Kowal, Mary Robinette. The Spare Man. Tor. ISBN 9781250829177.

Heiress Tessa Crane planned on enjoying her honeymoon cruise to Mars in anonymous bliss, but when her new husband is accused of murder, Tessa brings her fame, her reputation, and her money to bear in order to find out who really committed homicide on the luxury space liner. Featuring a smart heroine with chronic pain and PTSD, this ultimate shipboard mystery is delivered with gin-soaked determination and a load of snark and sparkle.

Mandanna, Sangu. The Very Secret Society of Irregular Witches. Berkley. ISBN 9780593439357.

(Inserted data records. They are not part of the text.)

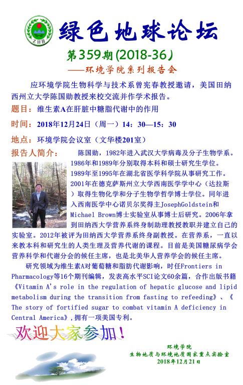 绿色地球论坛第359期(2018-36) ——无码动漫 系列学术报告会 题目:维生素A在肝脏中糖脂代谢中的作用 时间:2018年12月24日(周一)14:30 地点:无码动漫 会议室(文华楼201室)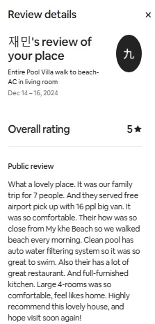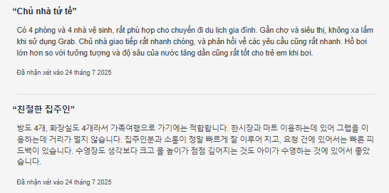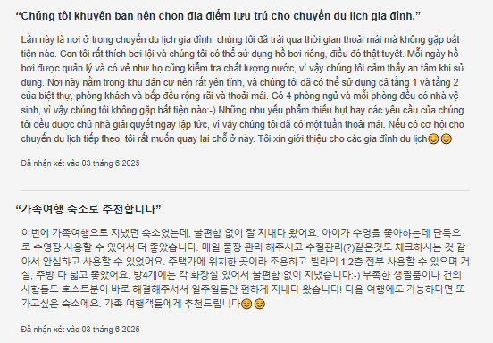 Cảm nhận của những khách hàng đã ở tại Bau villa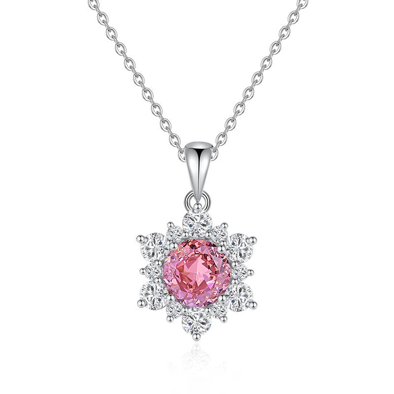 Women's 925 Sterling Silver Snowflake And Sunflower Pendant Necklace With Zircon And High Carbon Diamond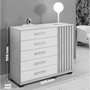 Características: - Produto em 15mm MDP - Cores Disponíveis: Branco com Cinamomo, Cinamomo e Cinamomo com Off White - 1 Porta Ripada - 2 Prateleiras - 5 gavetas - Gavetas com Corrediças Telescópicas - Puxadores em Amadeirados - Pés Incluso - Grande espaço interno - Puxadores: PVC - Acabamento: Pintura UV - Recomendações de manutenção: Limpeza com pano umedecido. Não aplicar lustra móveis.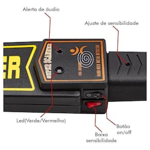 Detector de metal profissional - hz-gc3003 - carbone Loja: carbone artigos militares Detector de metais portatil alta sensibilidade metal scanner ======================================================================= O detector de metal é uma mão de desempenho e alta performance, projetado para atender as industrias de segurança. Pode ser usado na vistoria de pessoas e pacotes, útil para seguranças, escolas, eventos, etc. Ele identifica metais grandes ou pequenos, podendo optar por um aviso sonoro, luminoso ou vibratório. Além de ser muito leve e de fácil utilização. Desempenho e características: - fácil de operar;- quando a tensão suficiente, a luz indicadora brilha e dispara o alarme;- tem alarme de luz e som vibração solicitado o modo dual;- capaz de detectar metais grandes, mas também pode detectar pequenos objetos de metal;- pode ser ajustado de acordo com a sensibilidade. informações técnicas: - sensibilidade de detecção: diâmetro 2.5mm bola- fonte de alimentação: 9v bateria (6f22nd)(atenção: não incluso fonte de energia)- consumo de energia/potência: 270 mw- frequência de operação: 22 khz- corrente de operação: menos do que 50ma- operação de temperatura:-5º para 55 c especificações: - tipo: detector de metais- poder de funcionamento: 9 v- modo de alarme: som/conduziu a luz/vibração- face de detecção- alerta de áudio- lida com metal perfeitamente- baixa sensibilidade- soquete de bateria recarregável- cor do led: (verde/ vermelho)- ajustador sensibilidade- interruptor on-off- tampa de bateria- botão vibrador- faixa de medição: 0-10- sonda de metal: pin- aplicação: inspeção de segurança, ocasião pública- peso líquido: 405g- dimensões: 41 (l) x 8.5 (w) x 9.5(h) incluso no pacote01 detector de metais =======================================================================Clique no botão comprar agora para garantir detector de metais portatil alta sensibilidade metal scanner pelo melhor preço
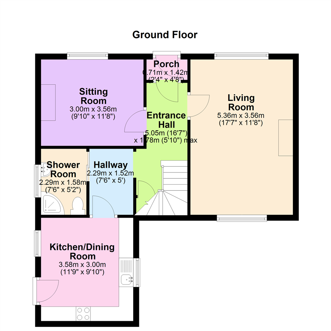 This well-proportioned home offers flexible and spacious accommodation across two floors. The ground floor comprises a bright living room, separate sitting room, a generous kitchen with dining area, and a convenient shower room. Upstairs, the property boasts four well-sized bedrooms, complemented by a family bathroom and a separate WC.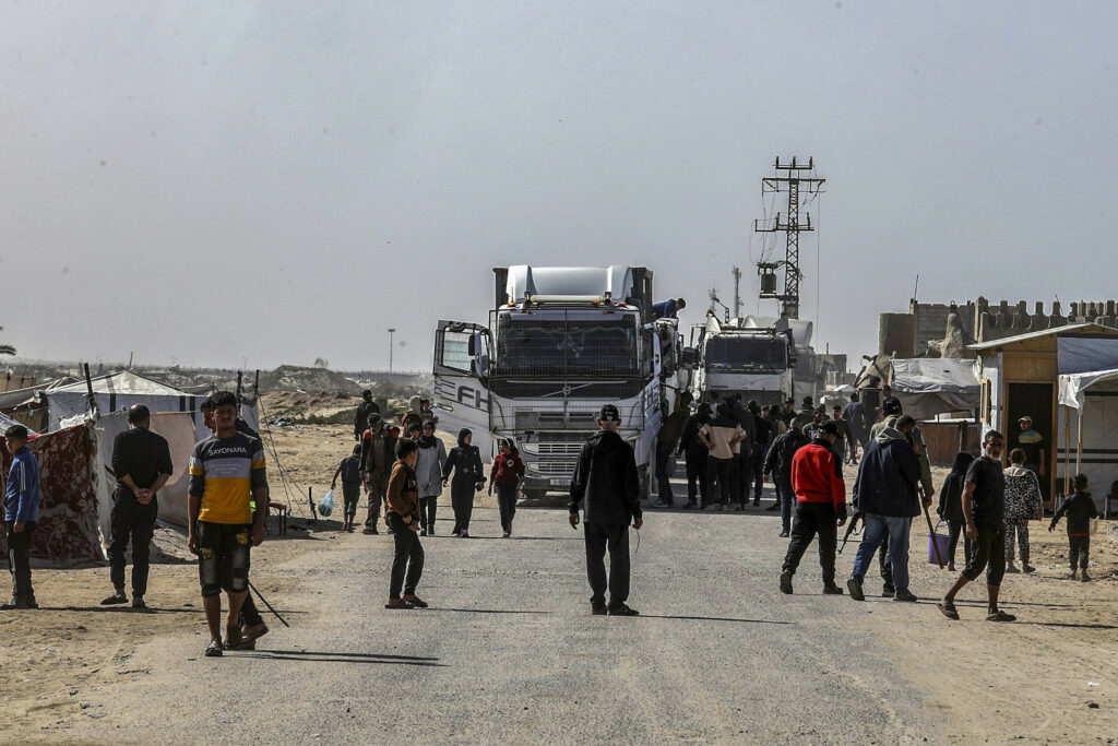 L’aide humanitaire entre à Gaza par le poste frontière de Rafah depuis l’Égypte, dans le sud de la bande de Gaza, le 1er février 2026. (Abed Rahim Khatib/Flash90)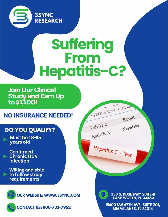 💚 Estudio de Hepatitis C – Gane Hasta $1,100 + Atención Gratuita Relaciona (Hialeah)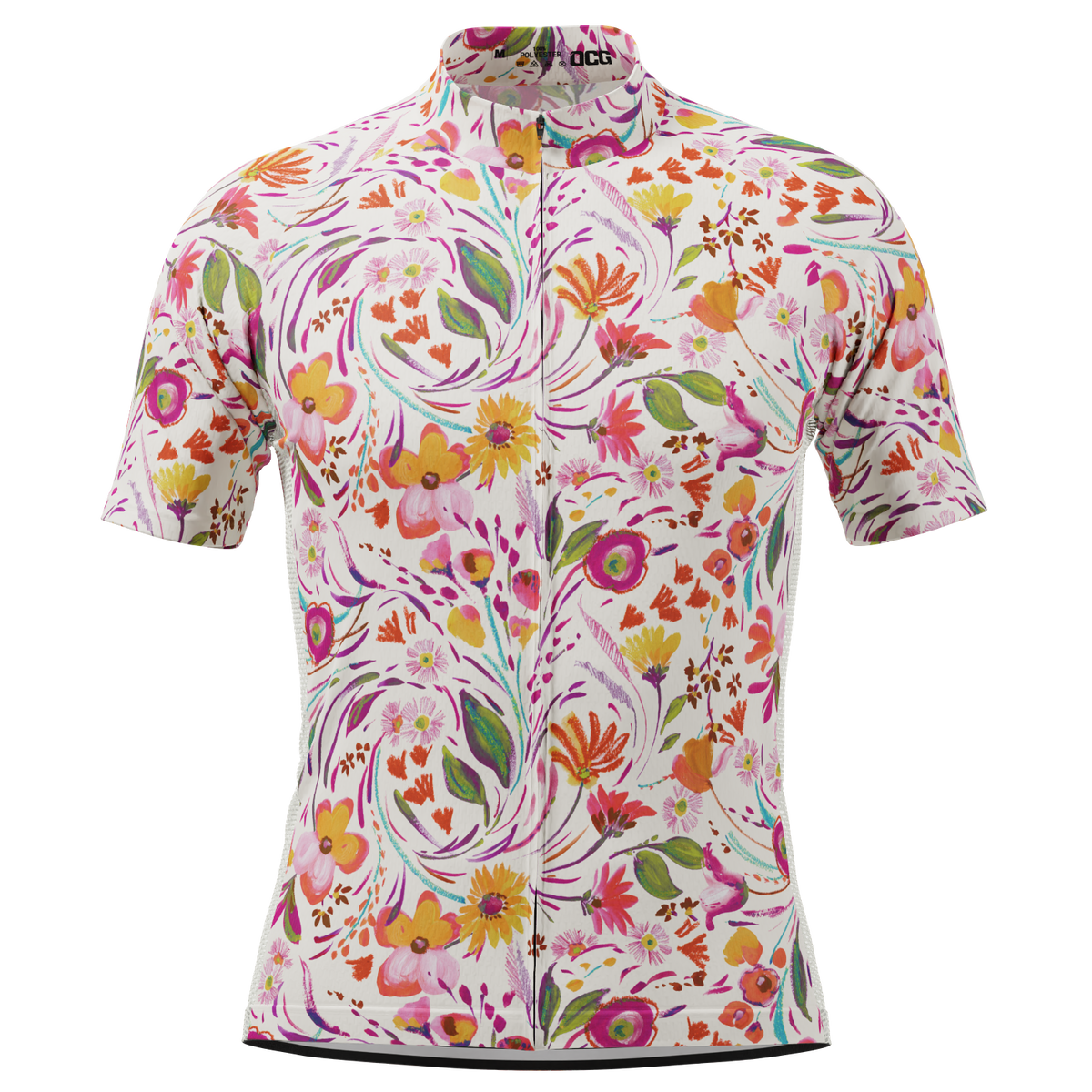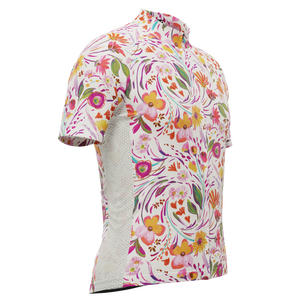 The Men's Painterly Blooms Short Sleeve Cycling Jersey features a moisture-wicking LEMBO 140 GSM polyester, cooling 110GSM mesh side panels, and reinforced stitched back pockets.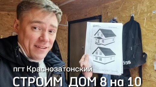 Начало строительства жилого дома из бруса. План дома 8 на 10 полтора этажа. Технология строительства

Conjuring a blissful, effervescent tone, Mandanna delights with the story of the lonely, somewhat broken Mika Moon, a witch who agrees to tutor three young witches in need of aid. In so doing, she moves into Nowhere House and finds far more than she expects. A subtle courtship story and plentiful feel-good found-family vibes makes this a cozy charmer, perfect to get out of a bad mood or extend a good one.

Oyebanji, Adam. Braking Day. DAW. ISBN 9780756418229.

This taut sf thriller mixes a coming-of-age story with a disaster tale as the colony ship Archie is about to conclude its multigenerational journey. The colonists have created the seeds of their own annihilation, and the long-awaited landfall will bring disaster. It’s up to an engineering student, a brilliant hacker, and a desperate rebel to find a path away from mutually assured destruction.

Tan, Sue Lynn. Daughter of the Moon Goddess. Harper Voyager. ISBN 9780063031302.

In an exquisitely detailed fantasy based on Chinese mythology, Xingyin, the sheltered, secret daughter of Moon Goddess Chang’e, races to save her mother by facing down the powerful Celestial Emperor and her own feelings for his son. The intimate prose and epic, immortal story lands make Tan’s wonderful debut a spellbinding experience.